Open set is countable union of disjoint open balls

[dreamtheater]

In R, every nonempty open set is the disjoint union of a countable collection of open intervals. (Royden/Fitzpatrick, 4th edition)

What is the most general setting in which every open set is a disjoint union of countable collection of open balls (or bases)? In R^n? In metric spaces? In second countable topological spaces?

The above theorem in R took me by surprise when I saw it for the first time.

 

[quasar987]

What is the proof of this fact in R? Let U be some open set in R. For every x in U, let I_x be the largest open interval containing x and contained entirely in U. Then for x and y in U, either I_x and I_y are equal or disjoint. Moreover, if I_x and I_y are disjoints, then by density of Q in R, they both contain a rational number that the other does not contain. So the set \{I_x:x\in U\} is countable and its elements are disjoint open intervals whose union is U. q.e.d.

(By the way, notice that I_x is just the connected component of U containing x.)
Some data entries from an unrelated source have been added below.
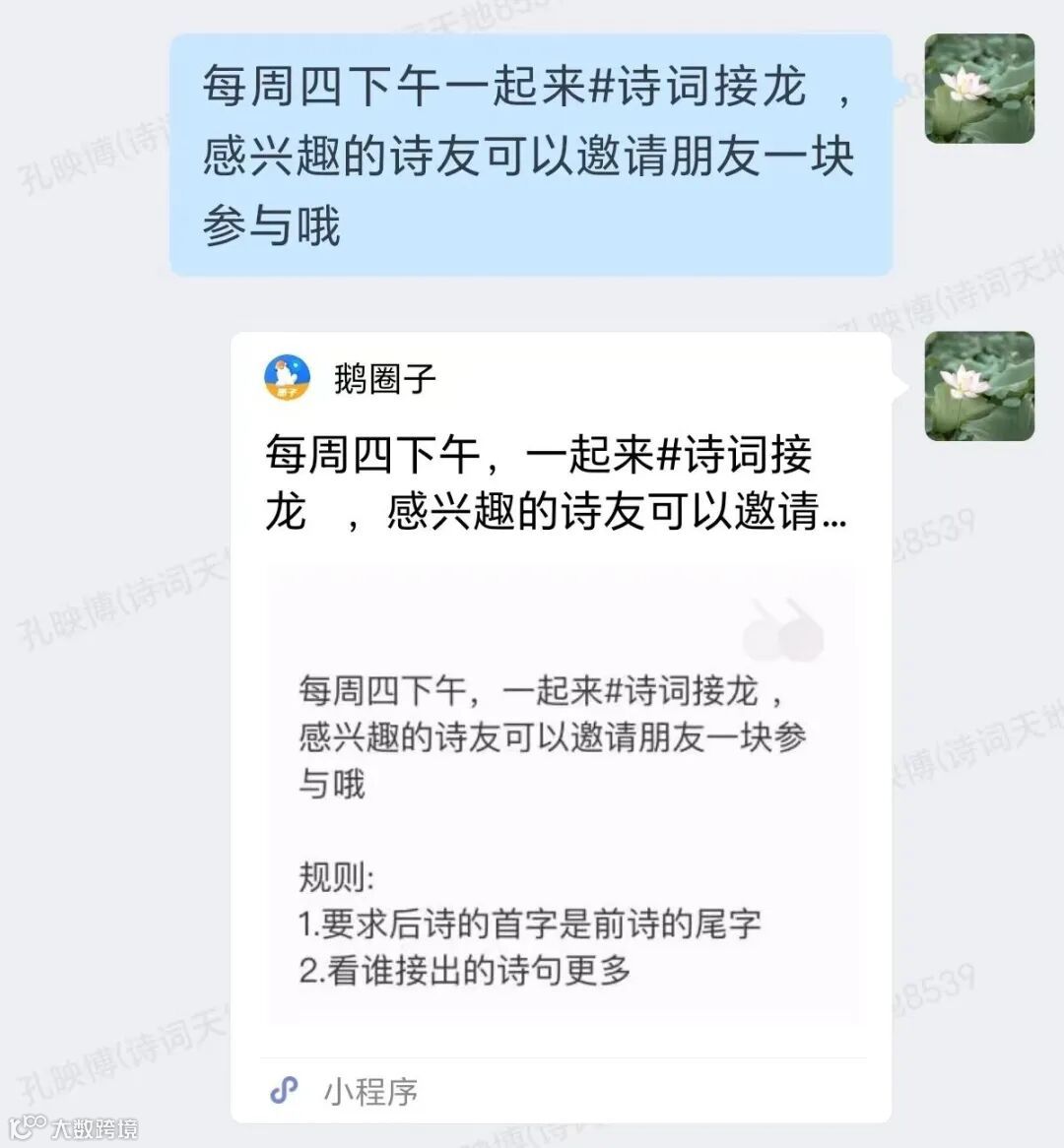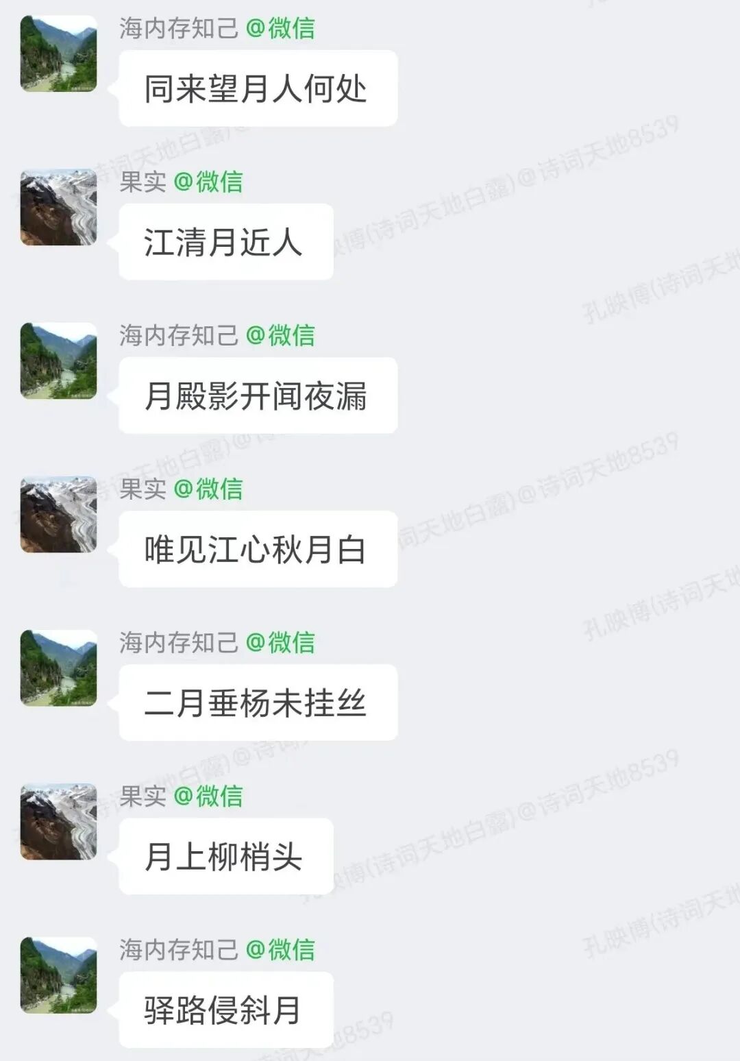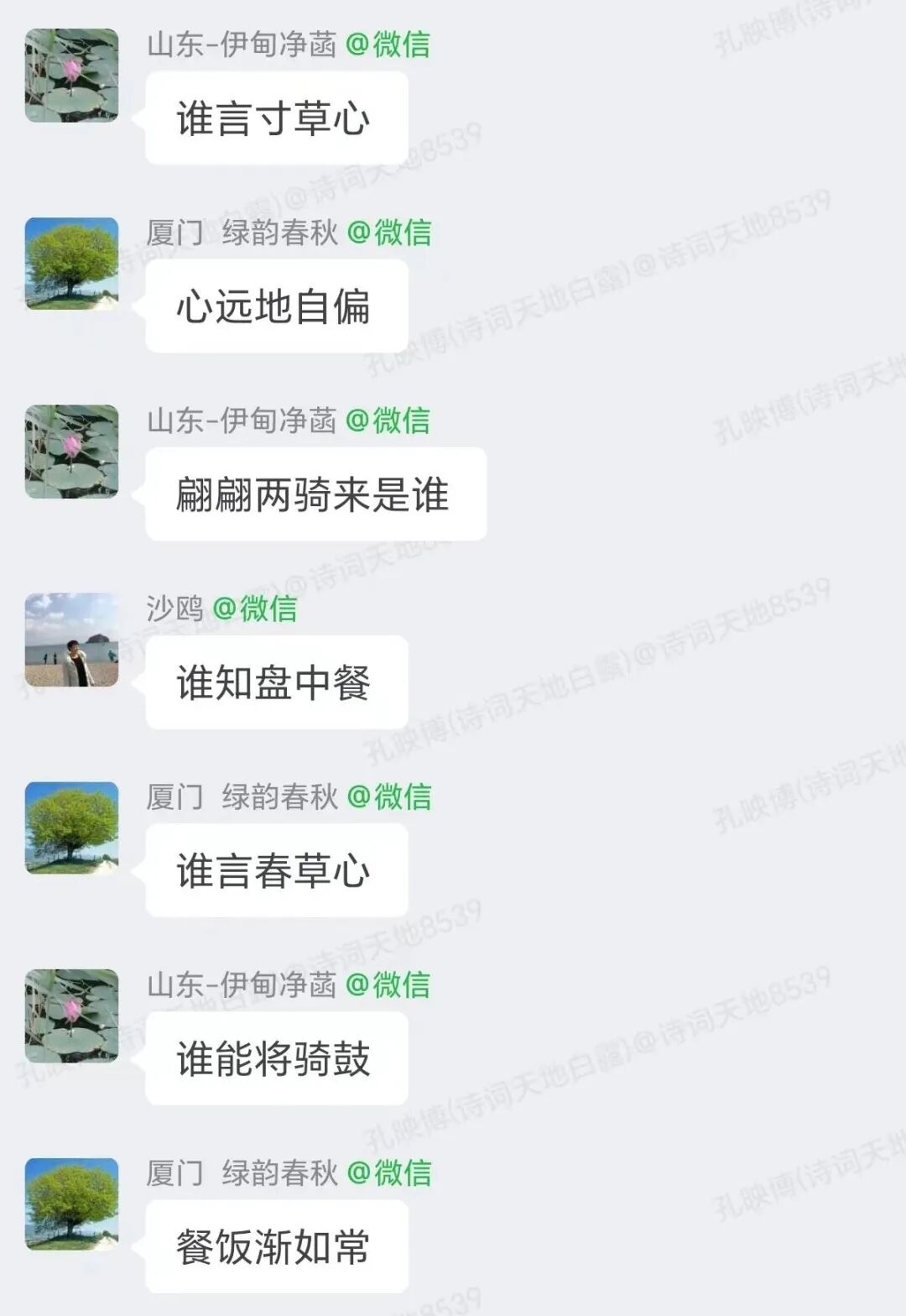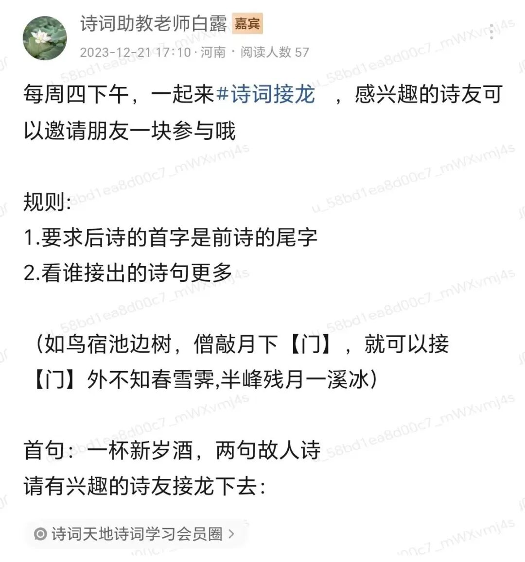 “诗词飞花令”,“诗词接龙”活动是诗词天地会员群内特有的活动,分别于周二,周四在会员诗友圈内举行。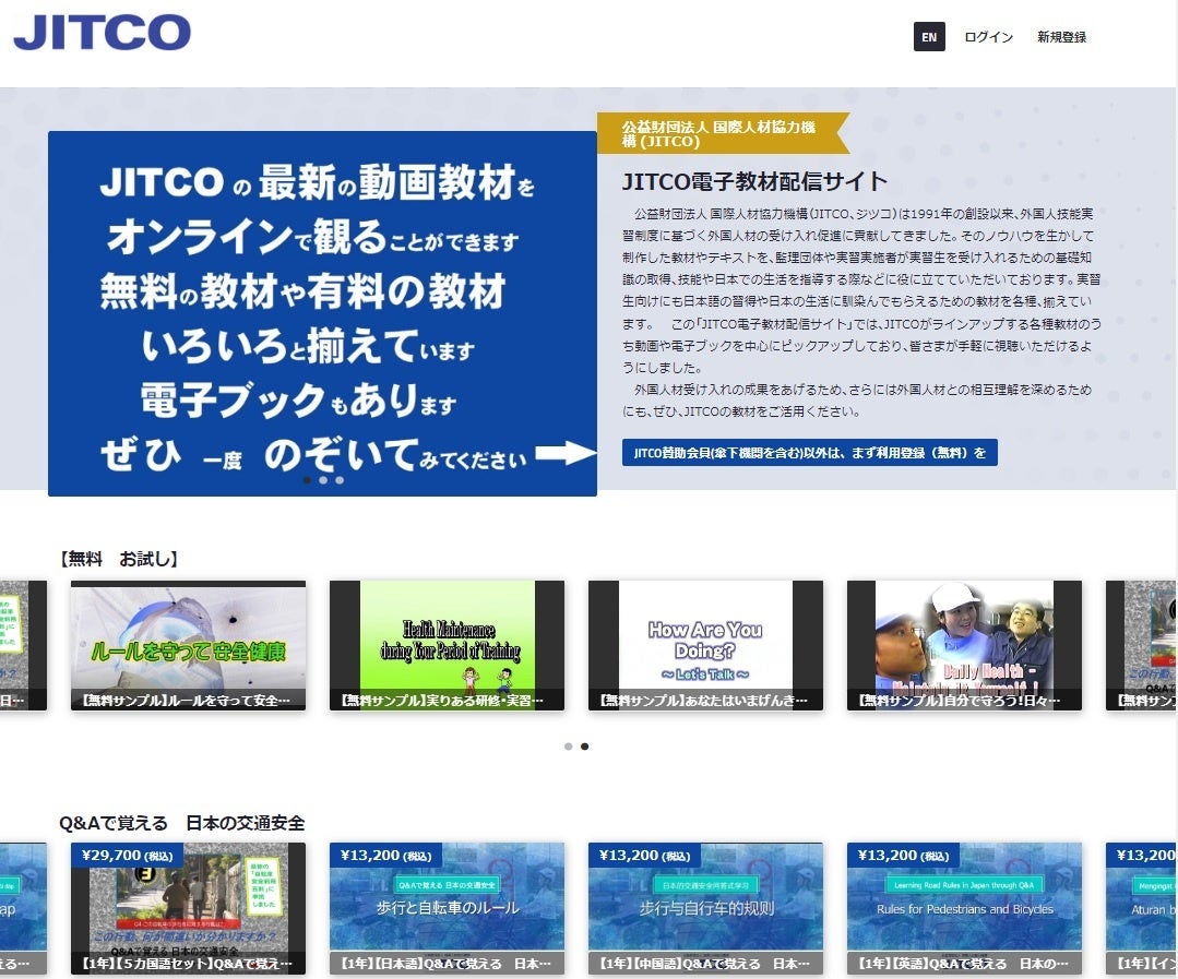 「JITCO電子教材配信サイト」には、有料のコンテンツと無料のコンテンツがあります。有料のコンテンツは視聴希望の期間を設定してクレジットカード決済で購入していただけます。また、書籍の教材にはラインアップしていない「特定技能」制度の説明動画など、電子教材配信サイト専用のオリジナル動画もたくさんあります。JITCOの賛助会員とその傘下機関の方は、有料コンテンツを割引価格で購入できるほか、会員専用の動画教材も視聴していただけます。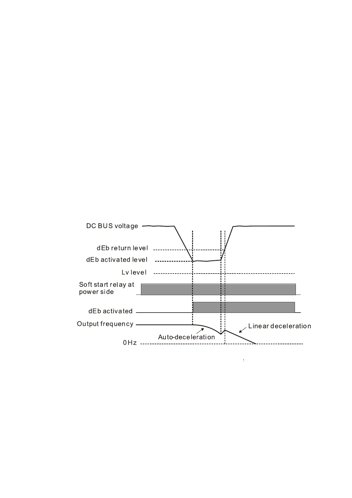 When the DC voltage drops below the dEb setting level, the dEb function starts to work (soft start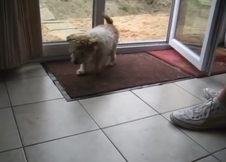 Il cane entra in casa e pulisce le zampe sul tappeto (Video)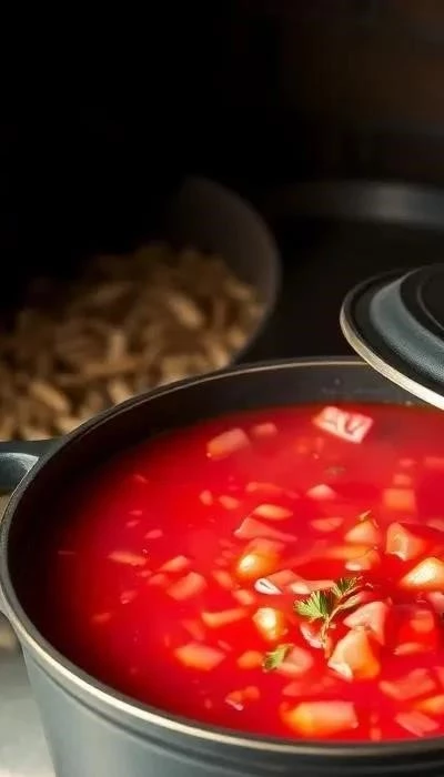 Для приготовления вкусных щей в русской печи нам потребуется: 500 г квашеной капусты (или 700 г свежей), 300 г говядины на кости, 2 картофелины, 1 морковь, 1 луковица, 2 ст. ложки томатной пасты, 3-4 лавровых листа, несколько горошин черного перца, соль, перец по вкусу, зелень (укроп, петрушка) для подачи. Мясо промыть и залить холодной водой, довести до кипения, снять пену и варить около 1,5-2 часов до мягкости. Говядину вынуть из бульона, отделить от костей и нарезать небольшими кусочками. Капусту нашинковать, если используете свежую – потушить с томатной пастой. Картофель нарезать кубиками, морковь натереть на терке, лук мелко нарезать.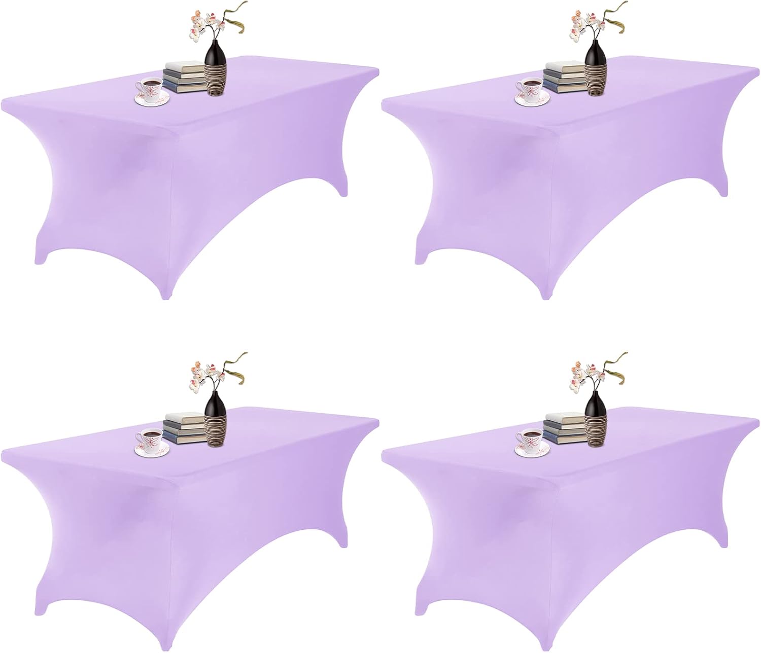 4Pack Spandex Waterproof Table Covers 8ft,Spandex 8ft Waterproof Table Cover for Party,Wedding, Banquet, and Events(Lavender)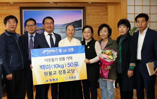 [ÀåÈï=¹Ìµð¾îÀü³²]Á¦°¥´ëÁ¾ ±âÀÚ=¿øºÒ±³ ÀåÈï±³´ç(±³¹« Á¤ÇöÈ£, Á¤Çö¼÷)Àº Áö³ 25ÀÏ ¿øºÒ±³ ÃÖ´ë °æÃàÀÏÀÎ Á¦103Áֳ⠴밢°³±³ÀýÀ» ¸Â¾Æ, ¾î·Á¿î ÀÌ¿ô¿¡°Ô Àü´ÞÇØ´Þ¶ó¸ç 10kg ¹é¹Ì 50Æ÷¸¦ ÀåÈﱺ¿¡ ±âŹÇß´Ù.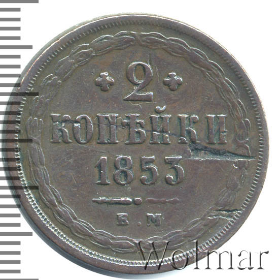 2 копейки 1853 года ВМДата выпуска: 01.01.1853 АверсВ центре изображен Государственный Герб Российской империи — двуглавый орёл, головы которого увенчаны двумя коронами, третья, большая корона над ними. На груди орла расположен Московский герб — щит с изображением Георгия Победоносца, поражающего копьем дракона. Вокруг щита орденская цепь с орденом Св. Апостола Андрея Первозванного. На крыльях изображены титульные гербы: на правом — Казанский, Астраханский и Сибирский, на левом — Польский, Таврический и Финляндский. В правой лапе орла — скипетр, в левой — держава. По окружности канта имеются рельефные элементы, выполненные в виде зубцов.РеверсВ центре указан номинал «2», ограниченный с обеих сторон цветочными розетками. Под цифрой номинала — слово «КОПЕЙКИ», под ним год выпуска монеты «1853.». Ниже, расположен декоративный разделитель в виде двух фигурных линий и небольшой точки между ними. Под разделителем обозначение монетного двора «В.М.».По окружности, вдоль канта, декоративный венок вверху, внизу, справа и слева крестообразно перехваченный лентами. По окружности канта имеются рельефные элементы, выполненные в виде зубцов.Каталожные номера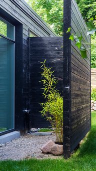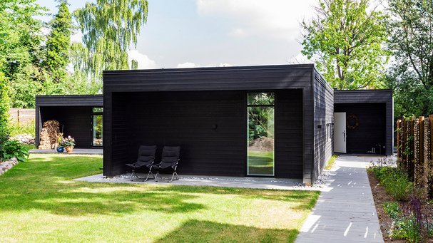 - Materialer udvendigt: Trælameller i sortmalet, trykimprægneret fyrretræ og tagpap på taget.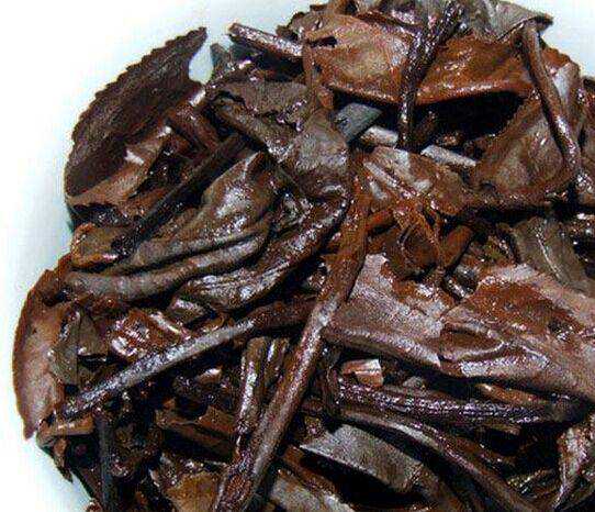 普洱熟茶的叶底多半呈现暗栗或黑色,叶条质地干瘦老硬。如果是发酵较重的,会有明显炭化,像被烈火烧烤过。
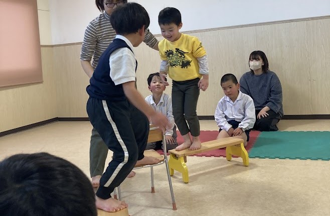 職員の問いかけに少し悩む子ども達。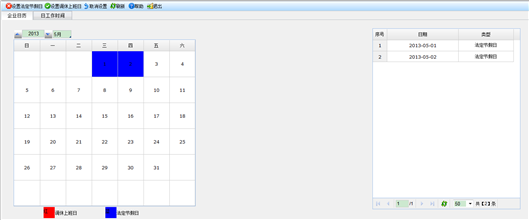 - 设置法定节假日:选中日期,点击【设置法定节假日】按钮,选中的日期被设置为法定节假日。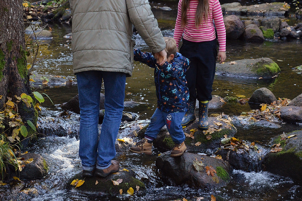 Galiausiai vaikai įtikina tėvus, kad akmenys srauniame upelyje turi būti sulaipioti... tad visi laipioja... Tiesa, šį kartą be Eglės ir be pilvo.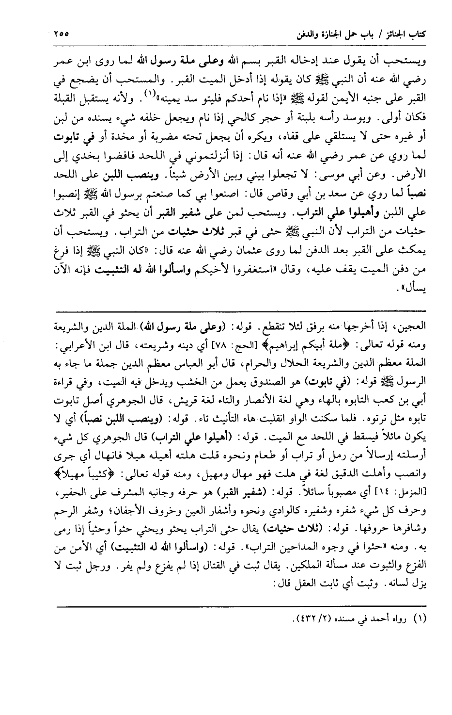 ويستحب أن يقول عند إدخاله القبر بسم الله وعلى ملة رسول الله لما روى ابن عمر رضي الله عنه أن النبي صلى الله عليه وسلم كان يقوله إذا أدخل الميت القبر والمستحب أن يضجع في القبر على جنبه الأيمن لقوله صلى الله عليه وسلم "إذا نام أحدكم فليتوسد يمينه1" ولأنه يستقبل القبلة فكان أولى ويوسد رأسه بلبنة أو حجر كالحي إذا نام ويجعل خلفه شيء يسنده من لبن أو غيره حتى لا يستلقي على قفاه ويكره أن يجعل تحته مضربة أو مخدة أو في تابوت لما روي عن عمر رضي الله عنه أنه قال: إذا أنزلتموني في اللحد فافضوا بخدي إلى الأرض وعن أبي موسى: لا تجعلوا بيني وبين الأرض شيئاً وينصب اللبن على اللحد نصباً لما روي عن سعد بن أبي وقاص قال: اصنعوا بي كما صنعتم برسول الله صلى الله عليه وسلم إنصبوا علي اللبن وأهيلوا علي التراب ويستحب لمن على شفير القبر أن يحثو في القبر ثلاث حثيات من التراب لأن النبي صلى الله عليه وسلم حثى في قبر ثلاث حثيات من التراب ويستحب أن يمكث على القبر بعد الدفن لما روى عثمان رضي الله عنه قال: كان النبي صلى الله عليه وسلم إذا فرغ من دفن الميت يقف عليه وقال "استغفروا لأخيكم واسألوا الله له التثبيت فإنه الآن يسأل".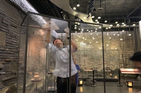 清潔展柜更換標簽 提升游客觀感體驗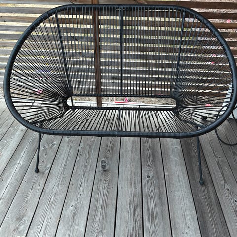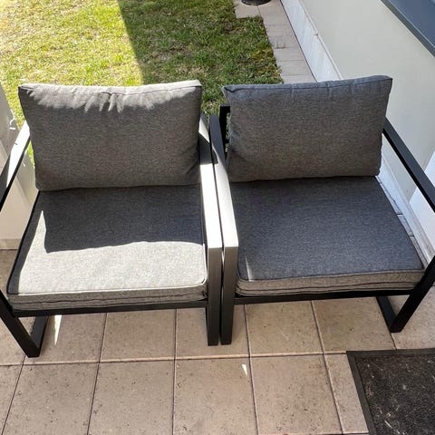 Myydään alumiinirunkoiset terassikalusteet. Kahden istuttava sohva, kaksi tuolia ja pöytä. Ostettu useampi vuosi sitten Bauhausista.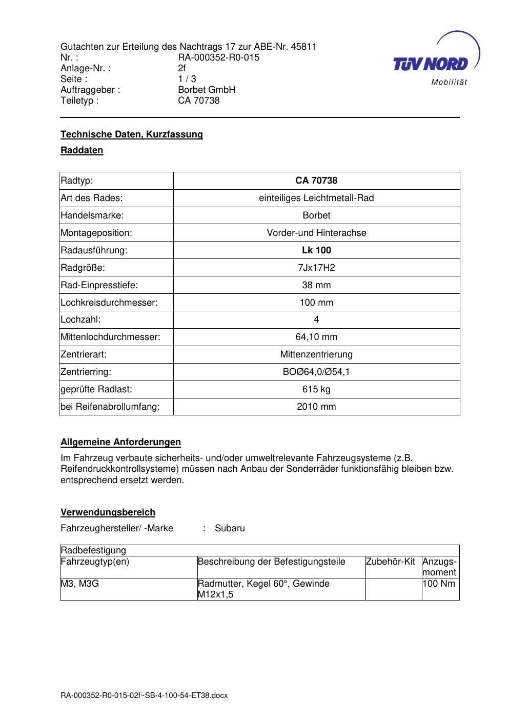 Dieses Gutachten (abe) bezieht sich auf die Alufelge Borbet CA 70738 in der Ausführung 7Jx17 ET 0, Mittenloch 0 mm (KBA 45811). Im PDF findest du typischerweise zulässige Reifengrößen, Auflagen/Anbauhinweise und – je nach Dokument – Hinweise zur Eintragung.

In light of this, it seems to me that the only ingredient necessarily is separability:

Let X be a separable topological space. This means X admits a dense countable subset D. Let U be open in X. For each x in X, let C_x be the connected component of U containing x. Then for x and y in U, either C_x and C_y are equal or disjoint. Moreover, if C_x and C_y are disjoints, then by density of D] in X, they both contain an element of D that the other does not contain. So the set \{C_x:x\in U\} is countable and its elements are disjoint open subsets of X whose union is U.

 

[quasar987]

Ah, no. For this proof, we also need to add on X the hypothesis that the connected components of U will be open. This will be the case for instance if X is locally path connected.

Indeed, consider the following counter-example. Let Q have the subspace topology inherited by R. Let r<s be any two irrational numbers. Then U:=]r,s[\cap \mathbb{Q} is open in Q but its connected components are all the singletons {q} with q rational and contained in ]r,s[. By by density of the irrationals in R, none of the {q} are open in Q.